How to complete this task: Below are records with pictures; copy word for word only the lines between the line with "Свиную пашину разложить" and the line with "قصة ستريت شيك", inclusive, and drop the pictures.

(Records to use Opens)

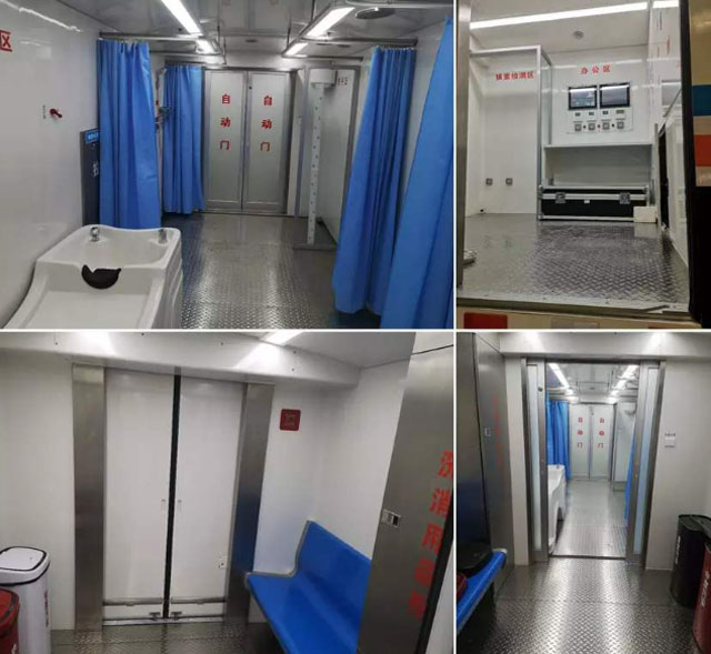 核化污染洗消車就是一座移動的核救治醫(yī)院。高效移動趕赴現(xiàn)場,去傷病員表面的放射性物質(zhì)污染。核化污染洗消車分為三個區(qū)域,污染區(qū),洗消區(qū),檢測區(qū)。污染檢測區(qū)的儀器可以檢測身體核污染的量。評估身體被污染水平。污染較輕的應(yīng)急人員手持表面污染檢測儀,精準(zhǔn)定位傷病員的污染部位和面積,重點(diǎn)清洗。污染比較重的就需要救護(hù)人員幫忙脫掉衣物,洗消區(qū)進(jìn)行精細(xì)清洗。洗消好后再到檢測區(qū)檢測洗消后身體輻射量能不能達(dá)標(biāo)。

(Records to use Closes)
(Records to use Opens)

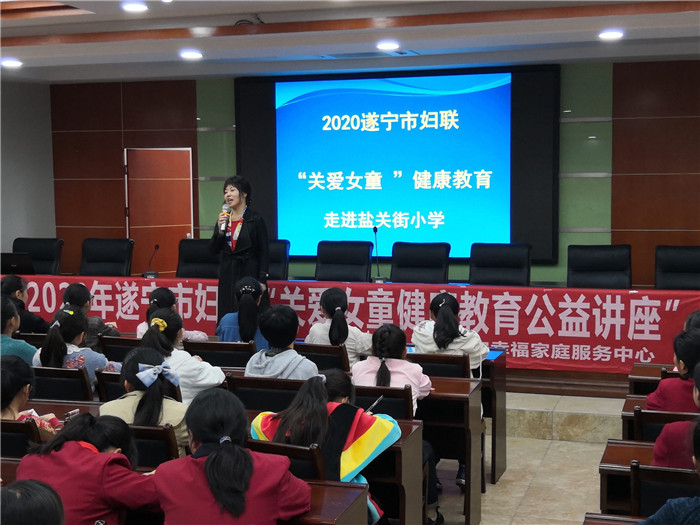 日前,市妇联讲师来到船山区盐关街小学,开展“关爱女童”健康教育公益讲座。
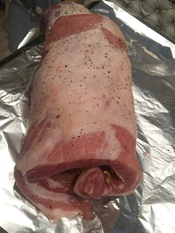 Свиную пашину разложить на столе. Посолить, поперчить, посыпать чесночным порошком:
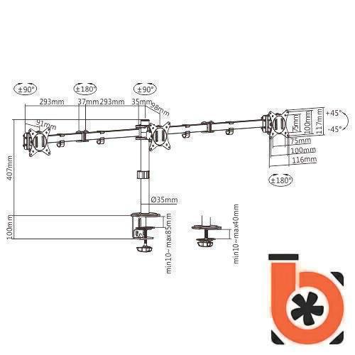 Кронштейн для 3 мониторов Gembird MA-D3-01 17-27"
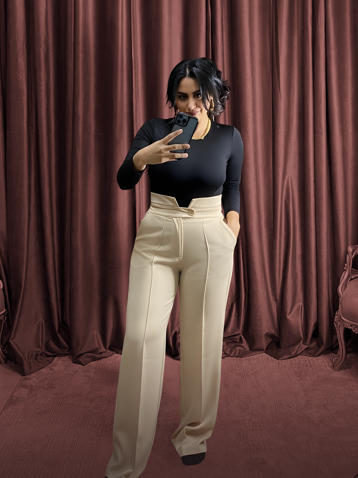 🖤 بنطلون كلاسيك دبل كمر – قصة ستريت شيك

(Records to use Closes)
(Records to use Opens)

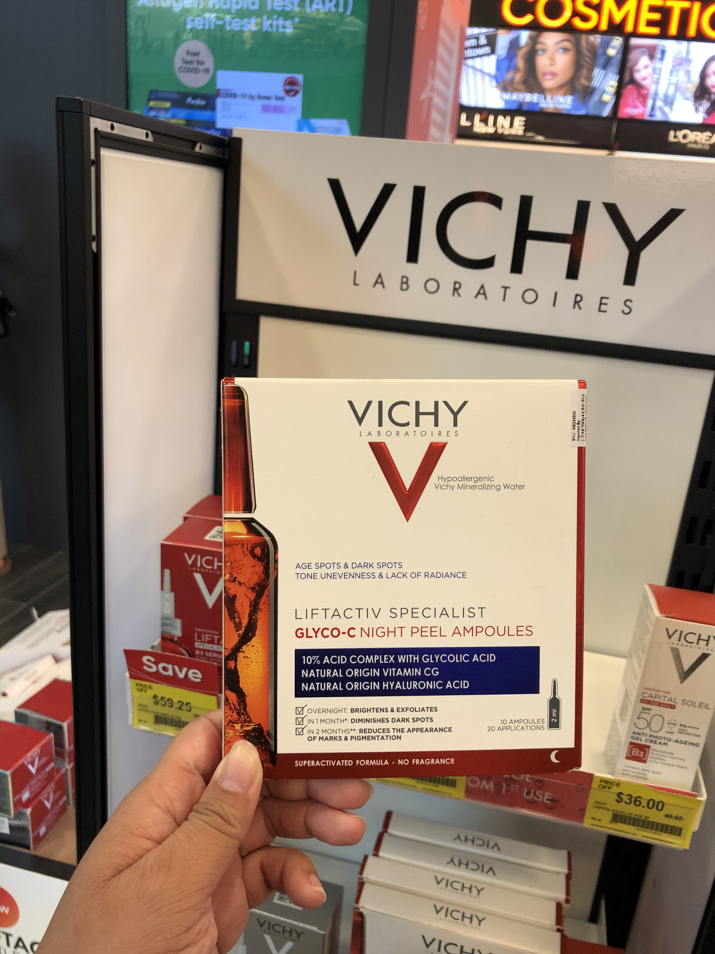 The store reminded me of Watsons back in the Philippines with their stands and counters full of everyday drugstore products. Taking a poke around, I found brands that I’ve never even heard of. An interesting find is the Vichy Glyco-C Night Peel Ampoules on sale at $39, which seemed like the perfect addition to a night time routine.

(Records to use Closes)

Exercise result:
 Свиную пашину разложить на столе. Посолить, поперчить, посыпать чесночным порошком:
 Кронштейн для 3 мониторов Gembird MA-D3-01 17-27"
 🖤 بنطلون كلاسيك دبل كمر – قصة ستريت شيك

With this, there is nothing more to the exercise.